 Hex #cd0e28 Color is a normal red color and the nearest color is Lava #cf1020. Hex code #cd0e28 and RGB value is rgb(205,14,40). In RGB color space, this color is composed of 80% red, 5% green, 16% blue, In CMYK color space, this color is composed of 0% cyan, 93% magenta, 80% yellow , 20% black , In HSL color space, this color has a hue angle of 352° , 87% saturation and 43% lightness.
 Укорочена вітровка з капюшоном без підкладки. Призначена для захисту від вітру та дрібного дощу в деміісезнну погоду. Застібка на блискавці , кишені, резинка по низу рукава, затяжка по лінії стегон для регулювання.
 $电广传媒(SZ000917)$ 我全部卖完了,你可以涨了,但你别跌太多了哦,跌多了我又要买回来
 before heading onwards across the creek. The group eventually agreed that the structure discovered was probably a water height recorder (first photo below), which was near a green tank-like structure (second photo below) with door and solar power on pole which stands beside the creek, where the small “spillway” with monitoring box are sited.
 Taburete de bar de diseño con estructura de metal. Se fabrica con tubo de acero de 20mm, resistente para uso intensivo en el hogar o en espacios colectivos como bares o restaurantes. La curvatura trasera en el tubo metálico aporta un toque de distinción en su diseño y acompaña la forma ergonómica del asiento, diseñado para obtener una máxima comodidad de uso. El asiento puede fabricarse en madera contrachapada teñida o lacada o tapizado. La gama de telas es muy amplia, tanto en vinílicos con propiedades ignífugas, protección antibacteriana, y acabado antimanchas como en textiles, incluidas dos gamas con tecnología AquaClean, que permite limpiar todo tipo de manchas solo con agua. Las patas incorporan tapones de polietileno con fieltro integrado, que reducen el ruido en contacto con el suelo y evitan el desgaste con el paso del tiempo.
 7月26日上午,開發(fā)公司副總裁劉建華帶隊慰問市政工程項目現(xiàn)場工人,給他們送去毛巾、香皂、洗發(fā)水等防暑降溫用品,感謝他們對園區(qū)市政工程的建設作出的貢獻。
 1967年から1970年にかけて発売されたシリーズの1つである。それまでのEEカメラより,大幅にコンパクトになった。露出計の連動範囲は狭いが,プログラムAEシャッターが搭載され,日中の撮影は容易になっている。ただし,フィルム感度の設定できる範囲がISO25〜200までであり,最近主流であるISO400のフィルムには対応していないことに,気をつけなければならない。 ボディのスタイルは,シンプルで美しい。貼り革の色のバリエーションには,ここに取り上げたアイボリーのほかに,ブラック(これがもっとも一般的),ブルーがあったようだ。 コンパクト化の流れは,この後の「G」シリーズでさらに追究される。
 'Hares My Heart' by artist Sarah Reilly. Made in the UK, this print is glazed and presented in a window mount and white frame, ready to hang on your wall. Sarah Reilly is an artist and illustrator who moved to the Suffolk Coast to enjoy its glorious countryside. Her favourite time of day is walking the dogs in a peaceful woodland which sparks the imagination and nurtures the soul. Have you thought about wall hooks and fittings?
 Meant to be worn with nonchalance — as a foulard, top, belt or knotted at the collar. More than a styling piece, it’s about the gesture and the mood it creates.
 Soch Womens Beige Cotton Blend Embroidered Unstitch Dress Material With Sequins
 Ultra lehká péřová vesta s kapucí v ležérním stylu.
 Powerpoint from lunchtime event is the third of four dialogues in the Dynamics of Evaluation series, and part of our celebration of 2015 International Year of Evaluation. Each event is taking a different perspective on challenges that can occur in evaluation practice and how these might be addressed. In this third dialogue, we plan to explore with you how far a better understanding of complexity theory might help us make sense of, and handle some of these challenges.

++++++

# Exercise description:
Starting at the line that has "Soch Womens Beige" in the records above, restate word for word every line until the one that has "Ultra lehká péřová", and include that one as well.

# Solution for this exercise:
 Soch Womens Beige Cotton Blend Embroidered Unstitch Dress Material With Sequins
 Ultra lehká péřová vesta s kapucí v ležérním stylu.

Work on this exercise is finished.